The selection includes most of what is worth reading in this field. The Odyssey is the perfect counterpoint to the Iliad, blending fantasy and realism in a broader view of the heroic world, and building up to the dramatic climax of Odysseus's revenge against the suitors of Penelope. Hesiod's Theogony describes how the Olympian order of things under Zeus's rule came into being. His Works and Days makes a powerful moral statement about the justice of the gods, combining this with practical advice on how to live. Hesiod's theology was a major influence on later Greek thought, and his Works and Days helped to inspire Virgil's Georgics. The Homeric Hymns praise the Olympian gods in shorter narrative poems, which chart their birth and exploits, and their impact on human society in myth and cult. Their style is a delightful blend of gravity and charm. The fragments of the Epic Cycle fill in the background to Homer and Hesiod, giving us a wider view of the early epic tradition. Major themes of this poetry are the moral and religious framework of the world, crime and punishment, the nature of the gods and man's relationship to them, and the limits of human achievement.

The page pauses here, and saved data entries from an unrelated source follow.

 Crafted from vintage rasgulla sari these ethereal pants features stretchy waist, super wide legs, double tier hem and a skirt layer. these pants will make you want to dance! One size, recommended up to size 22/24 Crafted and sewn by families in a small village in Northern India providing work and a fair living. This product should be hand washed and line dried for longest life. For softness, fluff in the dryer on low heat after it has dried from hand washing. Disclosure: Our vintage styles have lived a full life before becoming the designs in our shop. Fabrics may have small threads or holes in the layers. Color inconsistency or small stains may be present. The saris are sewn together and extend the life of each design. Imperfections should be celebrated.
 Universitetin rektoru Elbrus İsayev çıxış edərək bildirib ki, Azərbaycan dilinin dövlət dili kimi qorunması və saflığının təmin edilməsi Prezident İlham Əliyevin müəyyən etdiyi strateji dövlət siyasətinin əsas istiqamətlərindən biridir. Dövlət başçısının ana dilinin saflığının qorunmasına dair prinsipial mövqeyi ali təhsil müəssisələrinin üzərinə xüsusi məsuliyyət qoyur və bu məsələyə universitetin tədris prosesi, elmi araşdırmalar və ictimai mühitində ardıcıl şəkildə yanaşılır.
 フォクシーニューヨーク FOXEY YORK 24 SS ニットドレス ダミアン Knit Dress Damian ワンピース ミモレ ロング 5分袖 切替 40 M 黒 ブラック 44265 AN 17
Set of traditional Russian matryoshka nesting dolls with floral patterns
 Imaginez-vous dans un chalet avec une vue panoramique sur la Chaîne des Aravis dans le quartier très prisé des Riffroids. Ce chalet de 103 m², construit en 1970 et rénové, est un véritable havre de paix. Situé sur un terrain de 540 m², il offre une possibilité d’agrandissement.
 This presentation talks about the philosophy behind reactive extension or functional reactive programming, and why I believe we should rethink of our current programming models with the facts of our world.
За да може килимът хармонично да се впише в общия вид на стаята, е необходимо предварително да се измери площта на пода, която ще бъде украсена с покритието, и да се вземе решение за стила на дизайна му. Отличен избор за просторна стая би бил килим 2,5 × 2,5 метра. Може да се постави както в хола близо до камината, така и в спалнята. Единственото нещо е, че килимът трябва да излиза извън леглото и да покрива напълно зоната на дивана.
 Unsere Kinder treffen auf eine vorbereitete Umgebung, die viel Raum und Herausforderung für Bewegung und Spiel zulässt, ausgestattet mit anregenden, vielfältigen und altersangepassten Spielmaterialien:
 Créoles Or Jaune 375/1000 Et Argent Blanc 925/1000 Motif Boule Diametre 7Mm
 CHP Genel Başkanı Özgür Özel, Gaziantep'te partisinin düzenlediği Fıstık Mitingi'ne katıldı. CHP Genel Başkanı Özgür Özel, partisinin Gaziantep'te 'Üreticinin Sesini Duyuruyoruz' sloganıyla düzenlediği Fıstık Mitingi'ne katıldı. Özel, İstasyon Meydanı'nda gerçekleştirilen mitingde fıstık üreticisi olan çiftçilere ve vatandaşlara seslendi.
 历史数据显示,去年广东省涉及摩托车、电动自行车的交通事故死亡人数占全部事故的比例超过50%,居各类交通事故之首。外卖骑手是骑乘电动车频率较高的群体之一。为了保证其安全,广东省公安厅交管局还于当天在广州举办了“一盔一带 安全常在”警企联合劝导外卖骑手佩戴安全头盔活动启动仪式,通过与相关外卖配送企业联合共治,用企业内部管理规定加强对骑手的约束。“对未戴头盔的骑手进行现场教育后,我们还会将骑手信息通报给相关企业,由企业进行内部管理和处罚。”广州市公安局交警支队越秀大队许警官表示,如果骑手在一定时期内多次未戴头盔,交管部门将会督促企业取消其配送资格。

Preliminary reading: Odyssey: translation in verse by R. Fagles (New York 1996); translation in prose by E. V. and D. C. H. Rieu (Penguin 1991); Jasper Griffin, The Odyssey (Cambridge 1987). Hesiod: translations by M. L. West (Oxford 1988), or H. G. Evelyn-White (Loeb 1936). Homeric Hymns: translations by A. N. Athanassakis (Johns Hopkins 1976) or H. G. Evelyn-White (Loeb 1936). Malcolm Davies, The Epic Cycle (Bristol 1989).